Restaurants Wine & Dine

Restaurant review: Il Milione on Harcourt Road

Just as Marco Polo introduced something of his Western heritage to China, at fine-dining restaurant Il Milione (named after the book by the famous Italian explorer), one Michelin-starred chef Marco Gubbiotti is proudly introducing the cuisine and culture of his native Umbria to those not in the know here in Hong Kong.

 

restaurant review, II Milione, Harcourt Road, Hong Kong

Yet while the restaurant’s name looks to the past, the décor is of the future, with a cocoon of a dining room that features walls draped in gold silk and a lowered ceiling like a slice of giant honeycomb.

We were there to sample the new summer menu, so after a vintage 1930s cocktail at the glamorous bar, we sat down to an amuse bouche of beef cheek terrine with bell pepper sauce and the very un-Italian ingredient, perilla (Japanese shiso leaves). Terrine seems a strange title for this dish which is more a morsel of extremely tender beef; pleasant enough but not memorable.

The restaurant makes all its own bread and eight varieties are presented at our table along with fresh and spicy Viola Olive Oil, directly imported from Umbria. Viola has consistently been voted one of the best olive oils in the world and at Il Milione, great olive oil is offered the same respect as great wine; the attention to detail paid to both is impressive.

Our starter of sirloin carpaccio marinated in green tomato water, cucumber, basil, soft quail eggs and caviar ($290) was delicious enough, though a little lacking in texture and seasoning. Caviar seemed a strange addition to an Italian dish but I was told one of the largest caviar fish farms is in Umbria and has been producing some of the best European caviar for the past 20 years.

Next came a traditional pasta course, homemade tagliolino, Umbrian summer truffles, anchovies and green beans ($420). The pasta was divine and the very generous portion of truffles a decadent treat but again seasoning seemed lacking.
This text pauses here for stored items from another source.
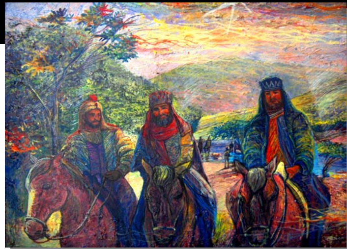
Cabalgata Diurna / Day Time Riding (16"x20") Acrílico, pasta de moldear sobre tela sellado con yeso y barniz sin brillo. May 2006. Ponce, PR.
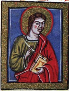
Sl. 12. Sv. Ivan Evāndelist (Hrvojev misal, f. 100c) Fig. 12. S. Giovanni Vangelista (Messale del Duca Hrvoje, f. 100c)
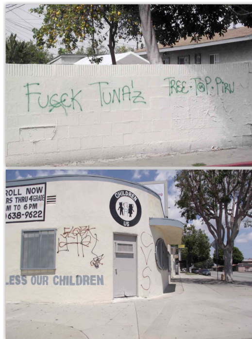
11. Le graffiti comme vecteur de dénigrement des rivaux (Le Moigne, 2011)

étant un terme dégradant désignant une femme peu attirante, utilisé comme une insulte envers les Bloods ).

Salt isn’t used in traditional Umbrian cooking; the anchovies would have been a good substitute but in this dish they were confined to a light drizzle of sauce – not enough to lift what could have been a 100-percent stunning dish.

The main course, pork done three ways – crispy suckling pig, herb-crusted rib and terrine of pork cheek with apple and rosemary ($360) – was a display of the chef’s skill and attention to detail. We were instructed to start with the terrine which was rather bland. The rib was a fantastic idea but the meat’s subtle flavours were overpowered by rosemary. The suckling pig, however, was truly sublime – in fact, I would have preferred this in a main course size.
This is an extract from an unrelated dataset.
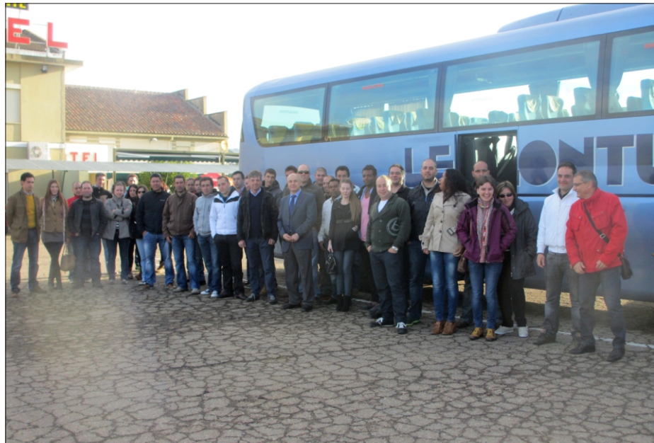
En la imagen, grupo de jóvenes de León que participó en la conferencia.

ASAJA está demandando políticas específicas para los jóvenes que se incorporan al campo con el fin de que puedan formar explotaciones viables y competitivas que generen empleo y riqueza en los territorios, manteniendo vivo el medio rural. ASAJA tramita la mayoría de los cursos de formación que se les exigen para obtener ayudas o ejercer la actividad. La organización agraria está tratando esta cuestión de los jóvenes con carácter de transversalidad, por tanto se tiene en cuenta en todas las decisiones de política agraria que defiende el sindicato.

Dessert was a unique sweet take on minestrone; a chilled fruit soup of hazelnut pasta, iced small apples, lentils, pineapple, raspberry, passionfruit sorbet and mango sauce ($130). A nice quirky idea and a fresh and vibrant palette cleanser after such a heavy meal, but again the balance of flavours swung one way – to passionfruit on this occasion.

Il Milione is a fabulous dining experience; ambience, service, knowledge, attention to detail – none of these can be faulted. The food is executed with immense skill and dedication, too. However, you get the sense that this refined take on rustic and unpretentious Umbrian cuisine may not appeal to everyone.

Must try dish: Crispy suckling pig, herb crusted rib, head in terrine, stew of organic lentils and ripened pork cheek, apple and rosemary.